113.  In the Goddi case, both the applicant and his representative had been prevented from attending the relevant court hearing where his sentence had been increased, and it was considered that such a loss of real opportunity warranted the award of just satisfaction (§ 35 of that judgment). In the Perks and Others case, the Court saw no reason to disregard the Government’s concession that the situation of Mr Perks was exceptional given that the appeal court had found it unlikely that the Magistrates’ Court would have committed him to prison if they had known more about his health problems and personal circumstances, matters to which, the Government had also accepted, a reasonably competent solicitor would have drawn the Magistrates’ Court’s attention. An award for non-pecuniary loss was therefore made to Mr Perks. It is noteworthy that the Court went on to find that there was no basis to speculate, as regards the other applicants in the Perks and Others case, as to the outcome of their proceedings before the Magistrates’ Courts, and found that the finding of a violation constituted sufficient just satisfaction.

114.  In the present cases, the Court finds that there is similarly no basis to speculate as to the outcome of the adjudication proceedings and is unable to find any factor in the present cases which could justify a departure from the Court’s approach in the Benham judgment. Accordingly, it considers that the finding of a violation of Article 6 § 3(c) of the Convention constitutes, in itself, sufficient just satisfaction for any non-pecuniary damage sustained by the applicants.

B.  Costs and expenses

115.  The applicants claimed reimbursement, based on relevant invoices, in amounts totalling GBP 11,954 (Counsel’s fees) and GBP 5,170 (solicitors’ costs), such sums being inclusive of value-added tax (“VAT”). The Government noted that no breakdown was given as to which of the costs and expenses related to which of the applicant’s cases.

116.  The Court recalls that that only legal costs and expenses found to have been actually and necessarily incurred and which are reasonable as to quantum are recoverable under Article 41 of the Convention (see, among other authorities, Nikolova v. Bulgaria [GC], no. 31195/96, 25 March 1999, § 79, and Smith and Grady v. the United Kingdom (just satisfaction), nos. 33985/96 and 33986/96, § 28, ECHR 2000-IX).

117.  It is satisfied that the applicants’ costs claim meets these requirements and, accordingly, awards the sum of GBP 17,124, inclusive of any VAT that may be chargeable, and less 2,387.50 euros (EUR) paid in legal aid by the Council of Europe.

C.  Default interest

118.  According to the information available to the Court, the statutory rate of interest applicable in the United Kingdom at the date of adoption of the present judgment is 7.5% per annum.

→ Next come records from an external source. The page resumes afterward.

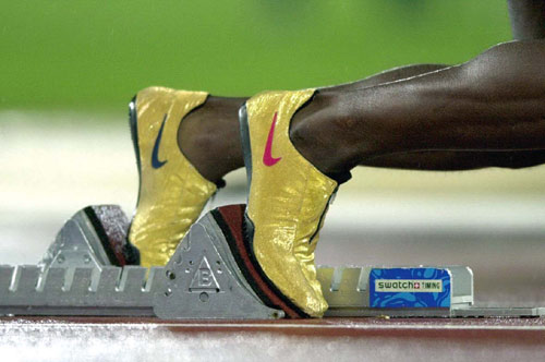 一个世纪前的百米短跑成绩平均每年提高0.015秒,如今已经减缓到每年提高0.006秒了。人们越来越注重从跑鞋上发掘点滴的潜力。根据测试,跑鞋重量每增加100克,运动员的体能消耗将增加1%。1991年东京田径世锦赛上,美国短跑名将刘易斯打破百米世界纪录时的跑鞋只有115克重;2000年悉尼奥运会上,“田坛阿甘”迈克尔·约翰逊的“金缕鞋”重量仅116克,玛丽安·琼斯的“水晶鞋”则只有99克;加拿大“黑豹”贝利的跑鞋被形容为“带钉的袜子”。人们不免生出疑问,为什么有些运动员竞赛中脖子上可以挂着沉甸甸的金项链,却对鞋子的重量如此锱铢必较呢?看看百米跑道上那些快速翻飞的双脚就会发现,每个运动员的后跟都几乎触及到了臀部,折叠起小腿能缩短以髋关节为轴的转动半径,从而减小转动惯量增加转动的角速度。而双脚处在小腿绕膝关节和髋关节旋转半径的最远端,因此鞋子重量些微的减轻,都会带来腿部转动惯量明显的减小。这对于以每秒20米速度交替划着弧线的双脚无疑是莫大的“减负”。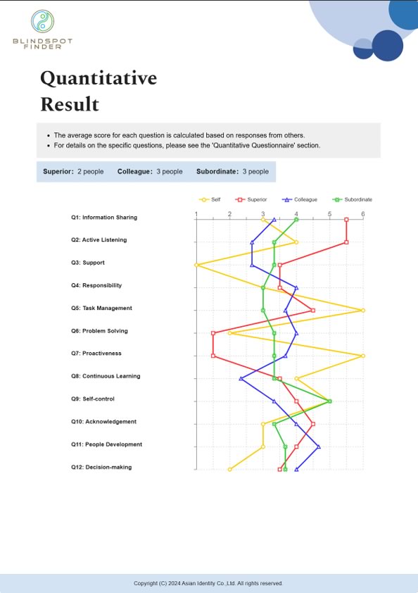 Blindspot Finder(ブラインドスポット・ファインダー)は、自分では気づきにくい盲点(ブラインドスポット)を明らかにするための360度フィードバックツールです。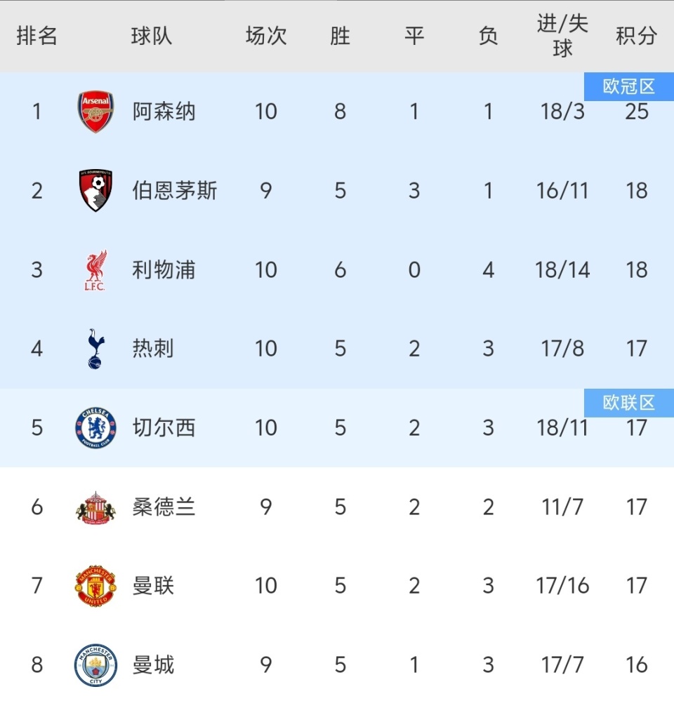 随着曼联2-2、阿森纳2-0、利物浦2-0,英超积分榜更新:曼联第7!

1.  Holds that there has been a violation of Article 6 § 3(c) of the Convention in respect of both applicants;

2.  Holds that the finding of a violation constitutes in itself sufficient just satisfaction for any non-pecuniary damage sustained by the applicants;

3.  Holds

(a)  that the respondent State is to pay the applicants, within three months from the date on which the judgment becomes final according to Article 44 § 2 of the Convention, GBP 17,124 (seventeen thousand one hundred and twenty-four pounds sterling) in respect of costs and expenses, inclusive of any value-added tax that may be chargeable and less EUR 2,387.50 (two thousand three hundred and eighty-seven euros and fifty cents) paid in legal aid by the Council of Europe;

(b)  that simple interest at an annual rate of 7.5% shall be payable from the expiry of the above-mentioned three months until settlement;

4.  Dismisses the remainder of the applicants’ claim for just satisfaction.

Done in English, and notified in writing on 15 July 2002, pursuant to Rule 77 §§ 2 and 3 of the Rules of Court.